Шло лето. Каждое утро выходили люди из башен и всматривались в небо. И каждое утро на него всходило только солнце. И чем веселее бежало оно к зениту, тем печальнее становились люди. Ни облачка…
Приближался месяц этинга, и горцы собирались хоть что-нибудь скосить, когда к ним пришла новая беда. Но на этот раз беда была не только их, даже не только одного народа, а всей России.
В полдень прискакал гонец от начальника округа. Он выехал на середину Эги-аула и хриплым голосом закричал:
— Эй! Выходите! Выходите!
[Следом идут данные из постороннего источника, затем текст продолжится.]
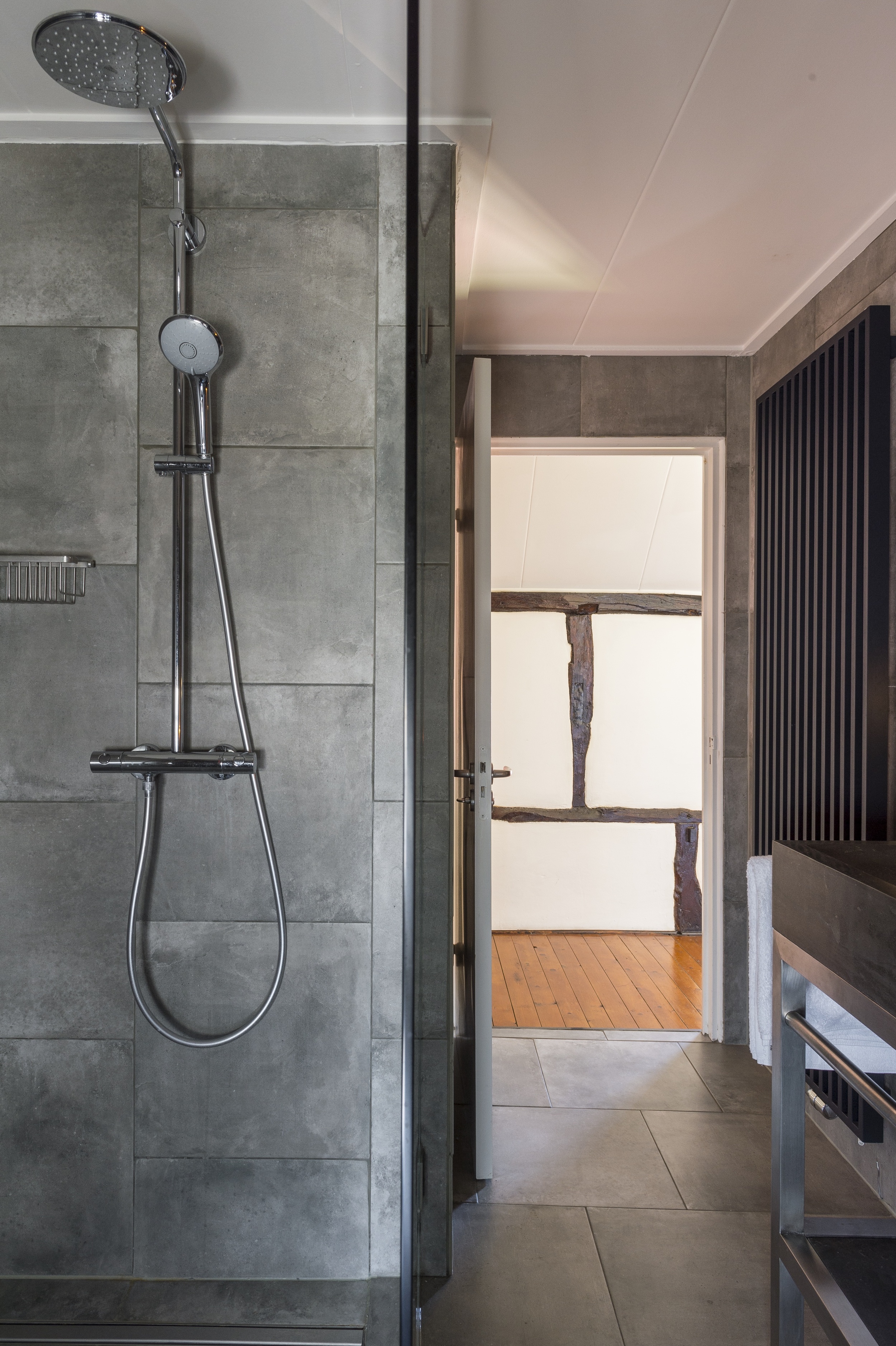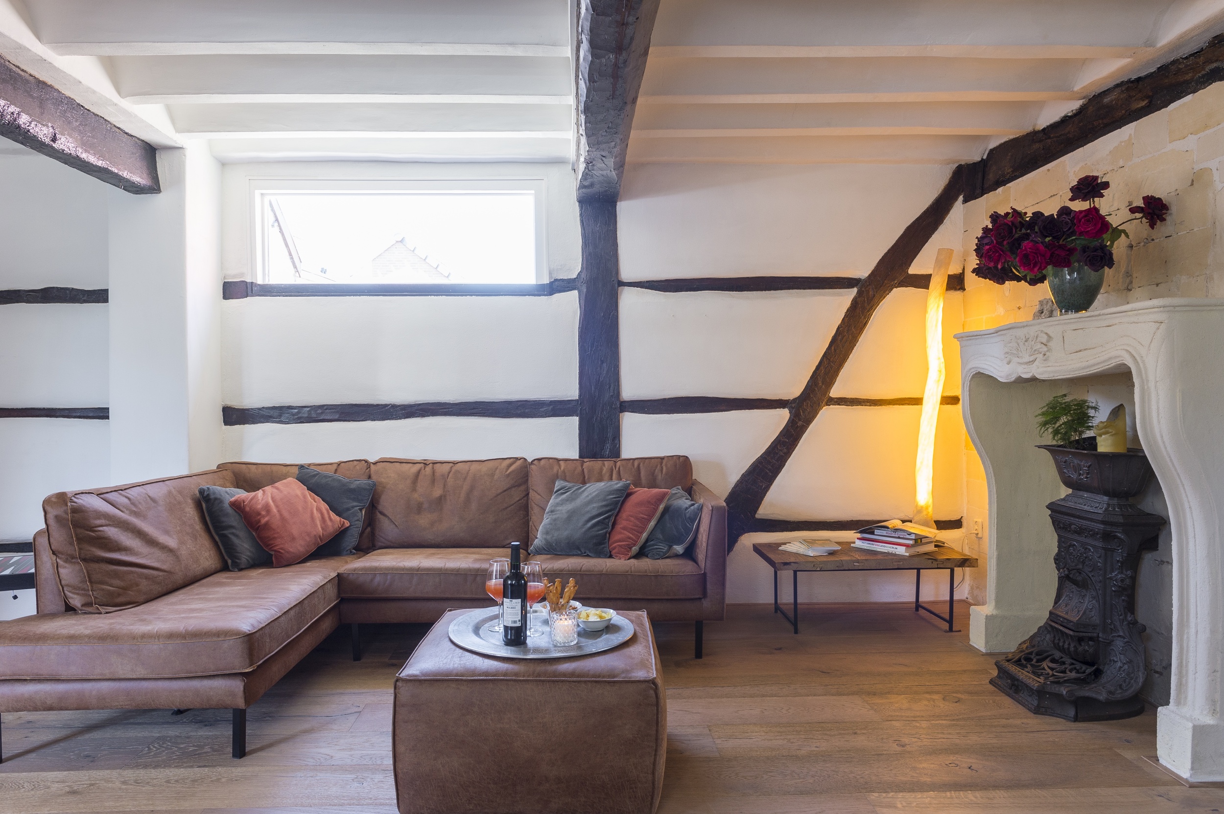 Binnen stap je in een warme leefruimte met eikenhouten vloer, vakwerk en mergelaccenten. Ontspan bij de open haard op de hoekbank of dineer aan de grote eettafel.

Объявление!
Встревоженные горцы выглядывали из башен и бежали к маленькой площади. Гонец держал пику с трехцветным флажком. Он торопился, не дожидаясь, когда соберутся все, поднял вверх пику, встряхнул флажком и что есть силы прокричал:
— Слушайте! Я, посланный начальником округа, объявляю! Слушайте все! Началась война!.. Царь германский напал на нашего царя! А вам приказано завтра в полдень собраться у Ассы! Всем мужчинам Хамхинского и Цоринского элу[152]! С вами будет говорить начальство!